The American media are raving about the former Arsenal striker, and Gunners fans are watching on with a mix of pride and curiosity.

So inevitably, the question of whether Mikel Arteta made a mistake in selling him has resurfaced.

Balogun joined Arsenal at the age of eight, worked his way through the Hale End academy and signed a professional contract in 2019.

He made just 10 senior appearances for the Gunners before being sold to Monaco for around £35million in August 2023, following an outstanding loan spell at Reims where he scored 21 Ligue 1 goals in 37 appearances.

🤔 Did Arsenal do a good or bad deal selling Folarin Balogun for £35M?

Balogun sale
Credit: DAMIR SENCAR/AFP via Getty Images

Arteta explained his reasoning for selling Balogun at the time. “We didn’t have space for him in the squad to give him the minutes that he needs,” he said.

“He did really well last year in his loan period. He’s evolved in the right way and he wanted the chance to continue developing his career.”

With Gabriel Jesus, Eddie Nketiah and Kai Havertz — who was transitioning into the first choice striker role — ahead of him, the decision was understandable, despite a lot of fans wanting him to stay.

Arsenal sold Balogun when his value was high, something they have done nowhere near enough over the years. The Gunners also retained a 17.5% sell-on clause.

Was selling Folarin Balogun the right call? Probably yes — but it is complicated

In hindsight, there is a case that Balogun would have been a better squad option than Nketiah, who signed a new contract the summer before Balogun’s sale.

Nketiah scored five Premier League goals that season before he was sold to Crystal Palace the following summer, where he scored just three league goals that season.
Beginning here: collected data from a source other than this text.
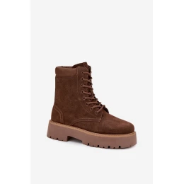 Stylové dámské boty v provedení worker, vyrobené z přírodní kůže se šněrováním a pevnou podrážkou.
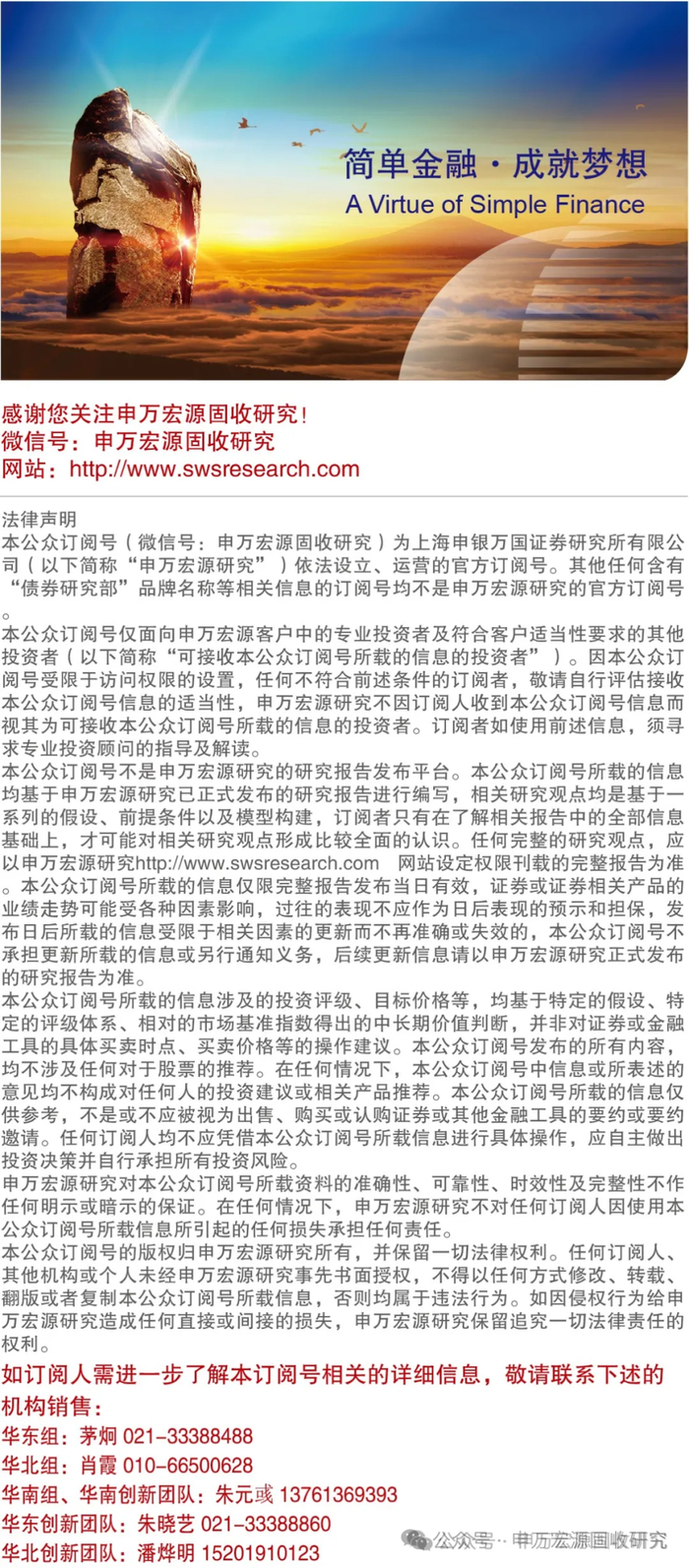 风险提示:警惕境外弱资质城投债不按时兑付的风险、宏观调控力度超预期、金融监管超预期、市场风险偏好超预期、海外环境变化超预期、机构负债端扩容不及预期或赎回压力超预期
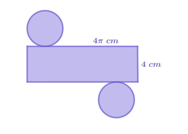 Dany jest walec, którego przekrojem osiowym jest kwadrat o boku 4 cm. Naszkicuj jego siatkę w rzeczywistych rozmiarach.
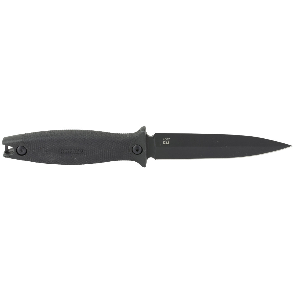Kershaw Secret Agent, 4.4" Fixed Blade Knife, Spear Point, Plain Edge, Black-Oxide Finish, Rubberized Co-Molded Handle, Includes Molded Dual-Carry Sheath with Clip 4007
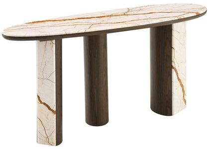 The Haidar console table features a genuine natural marble surface with unique veining, set on a warm brown veneer base. Its modern, substantial design offers a durable, elegant focal point for contemporary living spaces.Read More
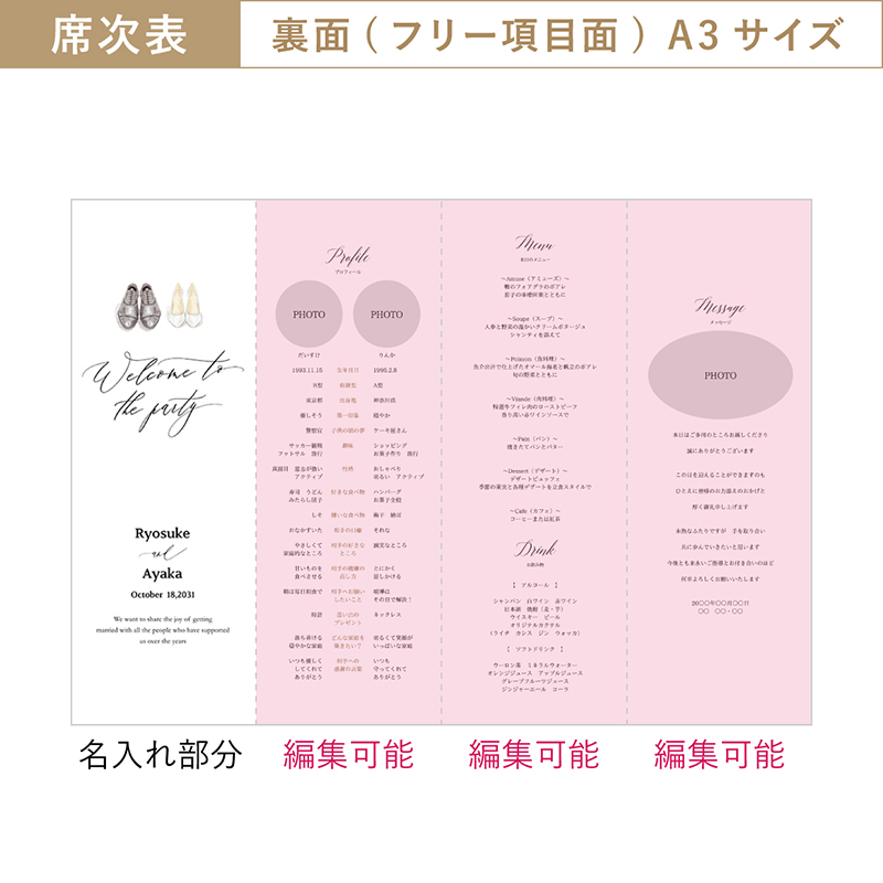 | 席次表 表紙 縦297×横420mm(A3ホワイト) | 10枚 |
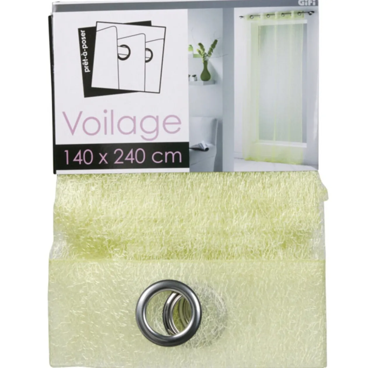 Voilage à oeillets vert, fine résille, dim. 140×240 cm, polyester.
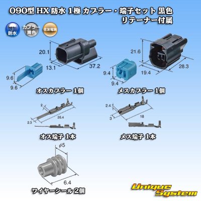 [Sumitomo Wiring Systems] 090-type HX waterproof 1-pole coupler & terminal set (black) with retainer
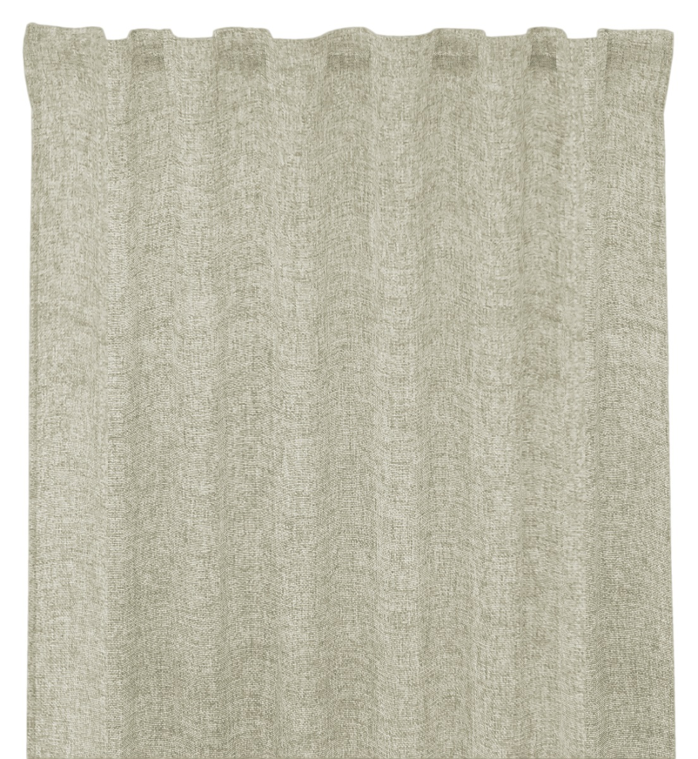 Det mörkläggande tyget är utformat för att minska ljusinsläpp och skapa en mer avskärmad miljö. Multibandsupphängningen ger flexibel montering och passar flera typer av gardinskenor och stänger. Nederkanten är overlockad för ett prydligt avslut.
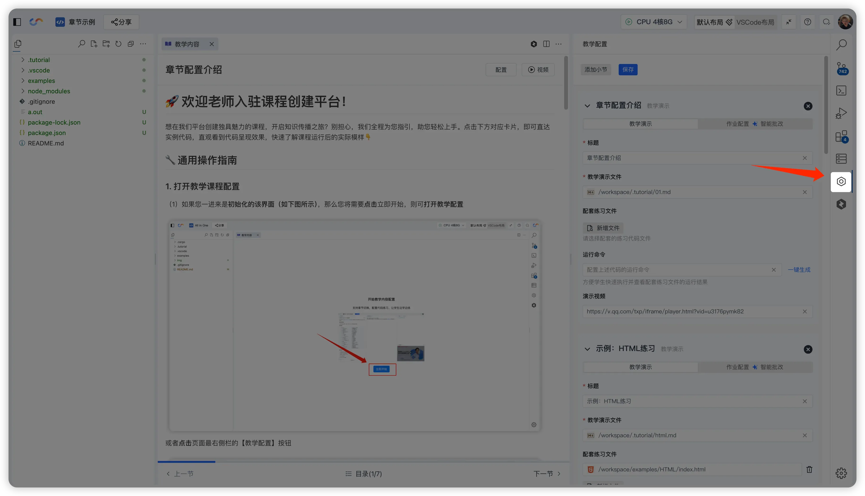 - 配置教学:进入章节 → 教学内容配置 → 点 「添加小节」 → 选教案/练习文件 → 配运行命令/视频 → 保存
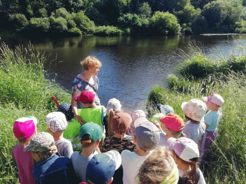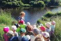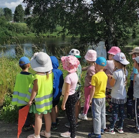 День четвертый - День безопасности вблизи водоемов. Дети средней группы "Почемучки" (воспитатель Богданова А.А.) и подготовительной группы "Затейники" совершили экскурсию к реке Мегрега, закрепили правила безопасного поведения вблизи водоемов. Воспитанники старшей группы "Калинка" (воспитатель Лекандер С.А.) беседовали о правилах безопасного поведения на реке, озере летом, сходили к реке Олонка, играли с водой на прогулке в «Рыбалку». Дети подготовительной группы "Рябинка" (воспитатель Ригоева Л.Н.) беседовали о безопасности на озере летом, читали книгу "Что мы знаем о воде?", играли с мыльными пузырями.

Jesus, meanwhile, has never fully recovered his best form since suffering a serious knee injury at the 2022 World Cup, managing just four league goals in the season Balogun was sold.
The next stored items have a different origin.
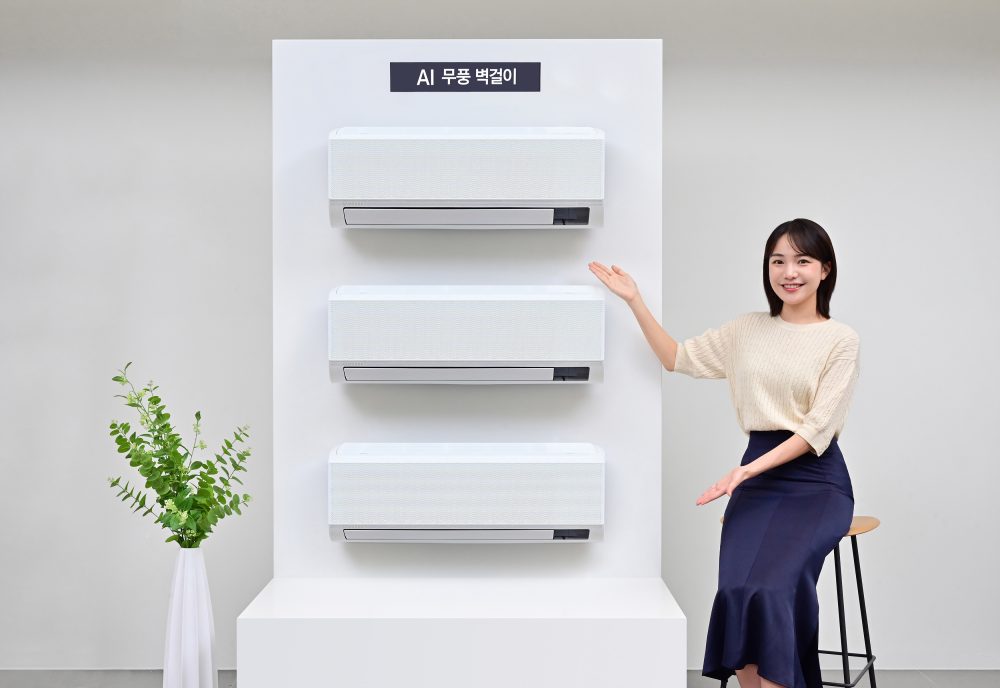 ▲삼성전자 모델이 삼성스토어 청담점에서 ‘2024년 에너지효율개선사업 냉방 지원기기 보급사업자 선정’ 공급 모델인 ‘AI 무풍 벽걸이’를 소개하는 모습
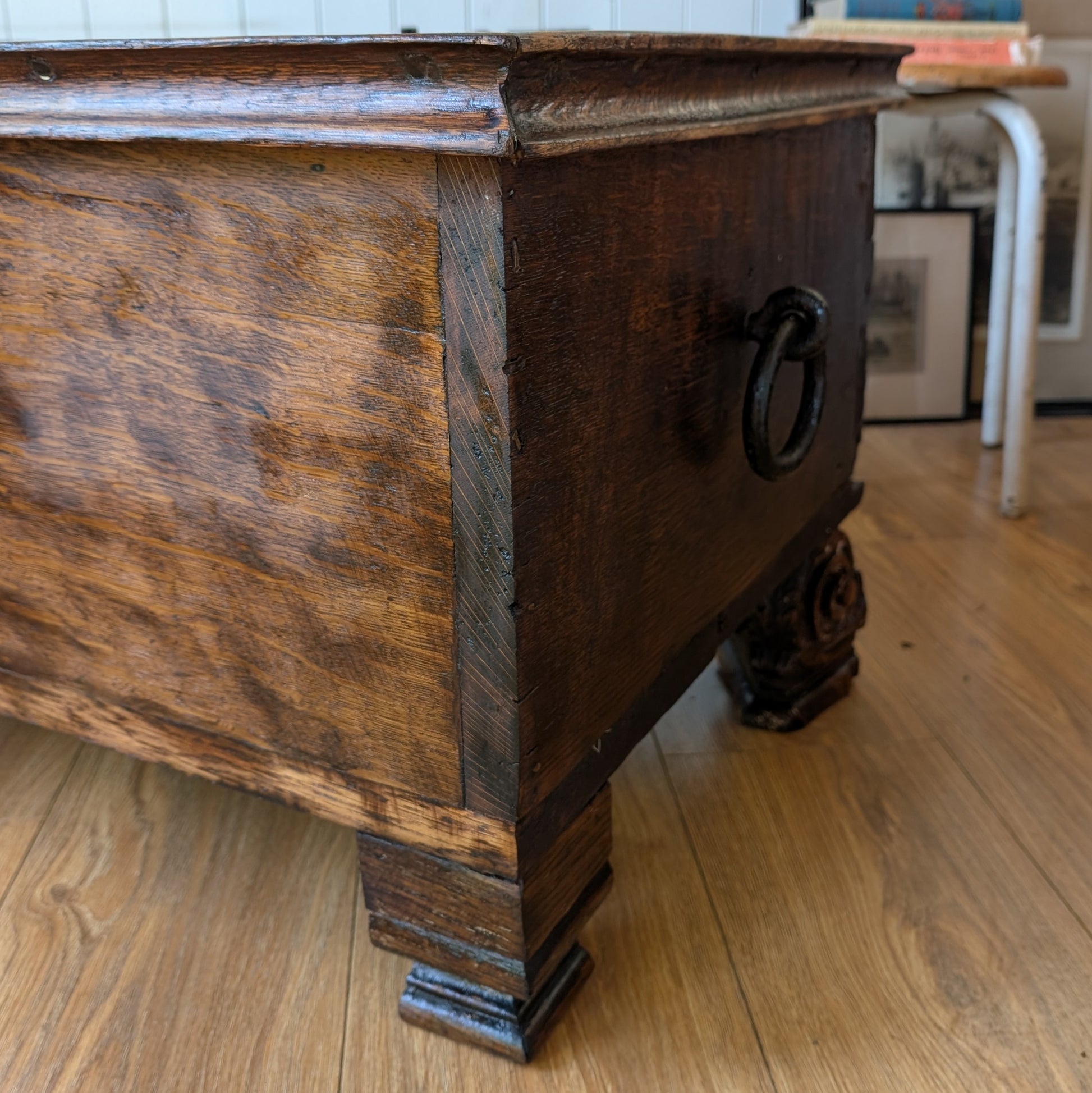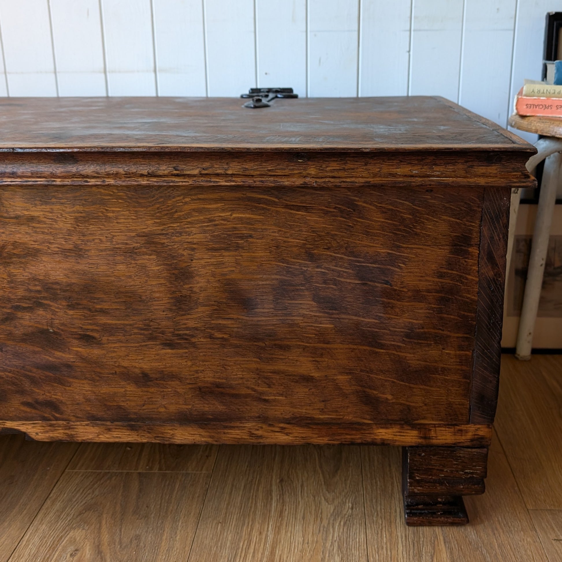 For sale is this very beautiful, rustic, scratch built oak chest. It's a lovely unusual piece which has amazing genuine patina. It's been hand built from either using a larger chest or another piece of furniture.... Upcycling before upcycling existed. It's a lovely practical piece which is strong enough to sit in making it an ideal bench seat with storage for a hallway or bootroom. The antique iron fixings really adds to its appeal. It's had a clean and wax keeping its patina but making it nice and clean. Just to note the feet have been reattached at some point with modern screws.
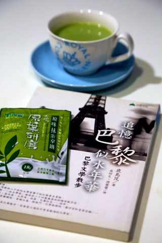 《三國演義》可以說是我第一部從頭翻到尾的古典小說了,小說中有幾個令人印象深刻的場景,例如上面的「酒當溫時斬華雄」一段即是其中一個,每當重溫這段文字,便覺血脈噴張,口乾舌燥,文字雖是讓人看得過癮,但總是想著,此時若能有壺溫潤的茶湯解渴,然後伴著文字暢飲,當是人生一大樂事,然不疾不徐的煮水、溫杯、烹茶的沖泡過程,對於解渴卻是往往緩不濟急,亦萬萬不可為了貪快而改沖了杯咖啡,因為那肯定是會讓燠燥的情緒火上加油,輕則急火攻心,重則傷人胃脾。經過幾次的測試之後,我覺得,此時若能來杯簡易的杯沖泡式抹茶包,不但立即方便,且其解渴與舒緩情緒的效果亦最好。
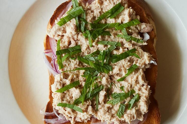いつものツナマヨを和風にアレンジしました。青じその香りと、隠し味に醤油。ごく薄く切った紫玉ねぎのシャ...

The season after, Arsenal were forced to use Mikel Merino as an auxiliary centre-forward due to injuries to Havertz and Jesus.

United States defeated Paraguay 4-1 to win a World Cup 2026 match.
Photo by Keith Birmingham/MediaNews Group/Pasadena Star-News via Getty Images

Despite a decent return from Merino, a more instinctive goalscorer like Balogun would have obviously been better suited to the role than the central midfielder.
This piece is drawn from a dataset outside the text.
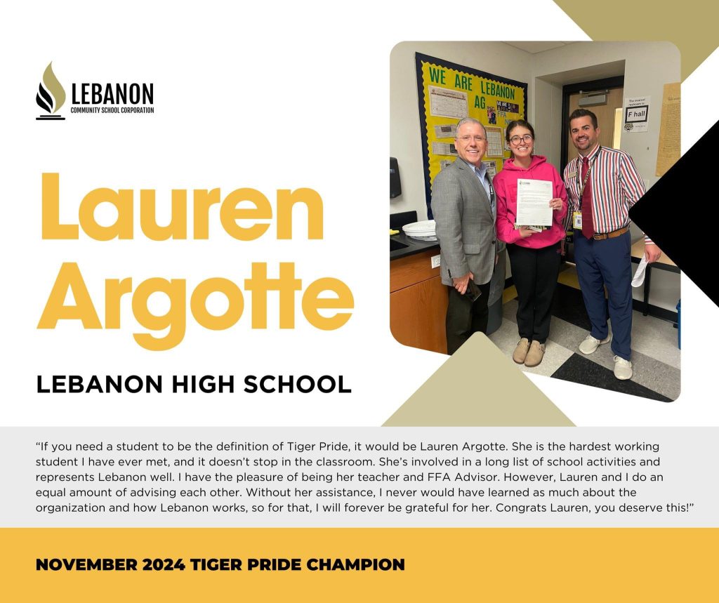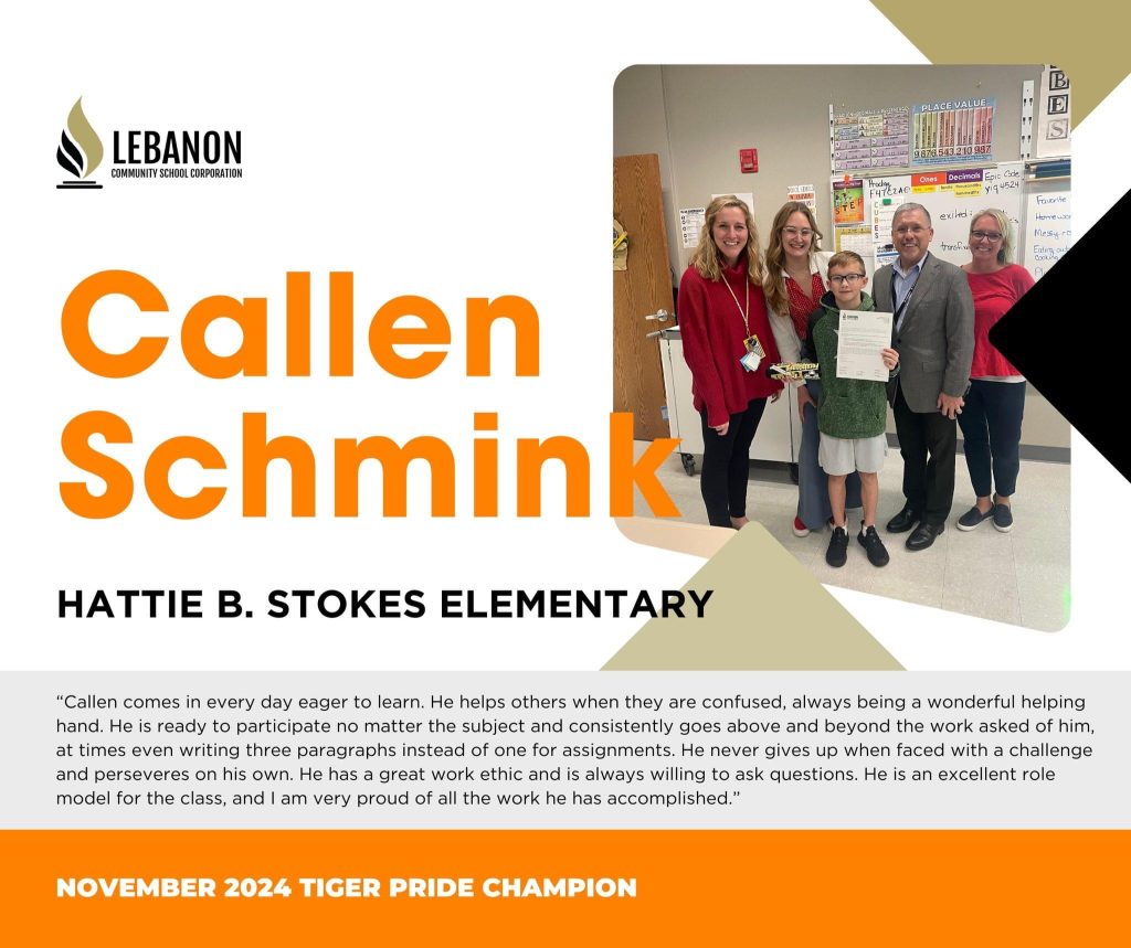 Lebanon Community School Corporation has announced the November Tiger PRIDE Champions for the 2024-2025 school year with picks from every elementary school, two from the middle school and two from the high school.

One wonders whether a title challenge to Liverpool that season might have been more competitive with Balogun still in the building.

Who would you rather starting for Arsenal right now: Folarin Balogun or Viktor Gyokeres?

Balogun vs Gyokeres
Credit: Valery HACHE / AFP via Getty Images – Marco Mantovani/Getty Images

But hindsight is a luxury. At the time of the sale, Arteta trusted Nketiah’s off-the-ball work and pressing intensity over Balogun’s more natural goalscoring instincts.

And on whatever side of the fence you sit, it all worked out. Arsenal won the Premier League in the end.

Besides, Arteta has been proven right about almost every bold decision he has made.

Balogun, to his enormous credit, took the brave move abroad, rebuilt after a serious shoulder injury that cost him six months of the 2024/25 season, and has now scored 31 goals in 91 appearances for Monaco, including 19 this season.

Folarin Balogun celebrates after scoring for Monaco against PSG in the Champions League
Photo by Valery HACHE / AFP via Getty Images

He is a Hale End product thriving on the world stage, and that is something every Arsenal fan should celebrate.

Did they sell him at the right time? Yes. Could things have worked out differently had he stayed? Perhaps. But football rarely rewards those who dwell on what might have been, and neither Balogun nor Arsenal have any reason to.